Personally, I don't like the Air Flex. At all. I just can't see how having all those "pressure points" bumps on a horse can be good at all. IMO.



jimj911 said:


> I refuse to use neoprene, have seen MANY horses sored from improper use of these.


I've used neoprene cinches for almost 30 years. I put a lot of miles on my horses too. Have never had a problem. 

Of course, just like anything, I realize there are some horses out there that _DO_ have a problem with neoprene. But I haven't had one that has had a problem. 




DebRVT said:


>


You think that cinch is _too long_? 

I think it's *way too SHORT*. 

Now I might ride with my cinches longer than most, but here's where I have my two horses at.

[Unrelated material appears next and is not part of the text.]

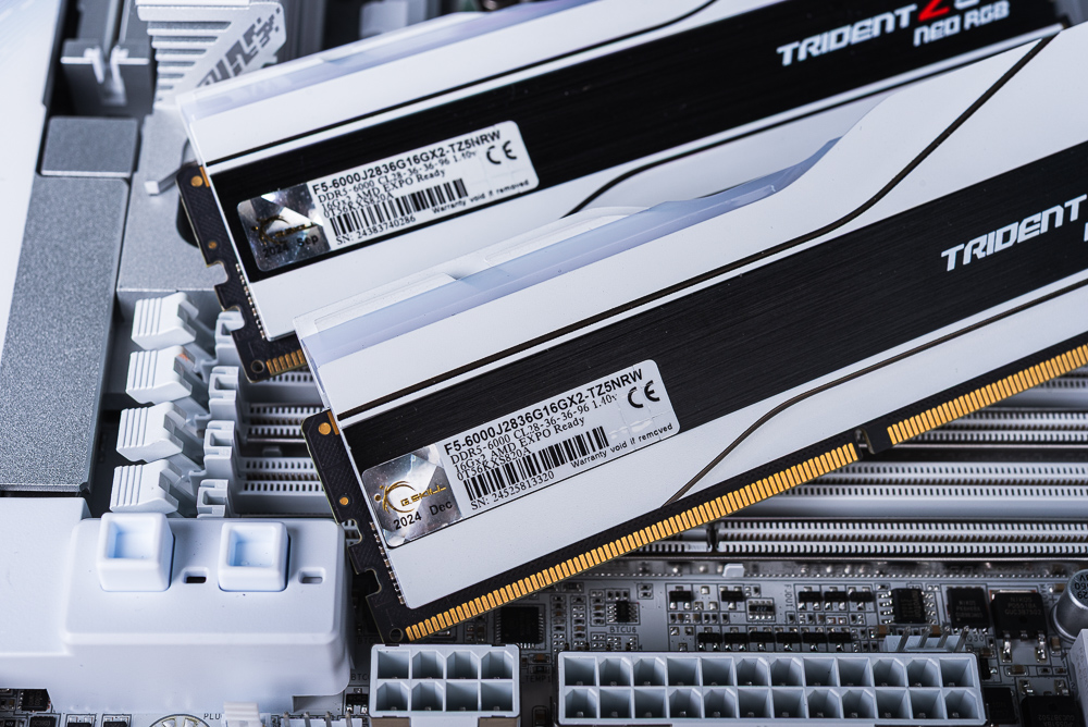 記憶體則是 G.SKILL Trident Z5 Neo RGB,規格為 16GBx2 DDR5-6000 CL28-36-36-91 1.4V。測試時也直接套用 AMD EXPO 參數即可。

Red uses the Professionals Choice VenTech cinch. I really like it. Easy to keep clean too. 











Although my Shotgun has never had a rub by a cinch (I've owned him since he was a baby), he does tend to be a little sensitive when cinching up. I tried quite a few different cinches and settled on the Professionals Choice Shearling cinch. I still cinch him up slow, but he is the happiest in this one out of all I've tried (and of course, vetted up and down with no issues). This one takes a bit more effort to keep clean, than neoprene, but that's okay.


----------



## 6gun Kid (Feb 26, 2013)

as a cinch maker, cleaning mohair or alpaca cinches are a snap! Hose them down, lay them flat and let them dry. If they get really nasty, drop them in a bucket of water with a capful of woolite, dreft, or other mild detergent, agitate, rinse it really well and lay flat to dry. Always surprises me how much people are afraid of water when it comes to cleaning tack!


----------



## kewpalace (Jul 17, 2013)

Another Mohair roper-wide cinch fan here. I don't find them hard to keep clean - just do what @6gun Kid suggests. Not a fan a neoprene but know many people use & like them.


----------



## DebRVT (Oct 30, 2016)

george the mule said:


> Hi Deb, All!
> 
> For a long time, I used a Weaver Leather mohair cinch on both of my guys. They are nice and soft when new, but they don't clean up very well, and after several washings, they seem to lose their softness, and tend to rub. I switched to the Airflex on George last Spring, and he liked it so well that I got one for my big horse Oily as well. With probably a couple hundred trail miles between them at this point, we can cheerfully report that they are good, and that the critters don't seem to get much sweatier underneath than with the mohair. They're easy to clean, too; just hose 'em off.
> 
> ...


Thanks for sharing your experiences. We don't do endurance trail riding or anything and I liked that the AirFlex were so easy to clean. 
There is certainly protection from rubbinh at the ends of the cinch. I just thought I had it in the right spot and didn't like how the bulky part was directly behind her elbow.
I agree they are pricey but if they last....worth it


----------



## DebRVT (Oct 30, 2016)

farmpony84 said:


> Did you get rid of that saddle? It's so cute, I could picture it in the corner of a living room!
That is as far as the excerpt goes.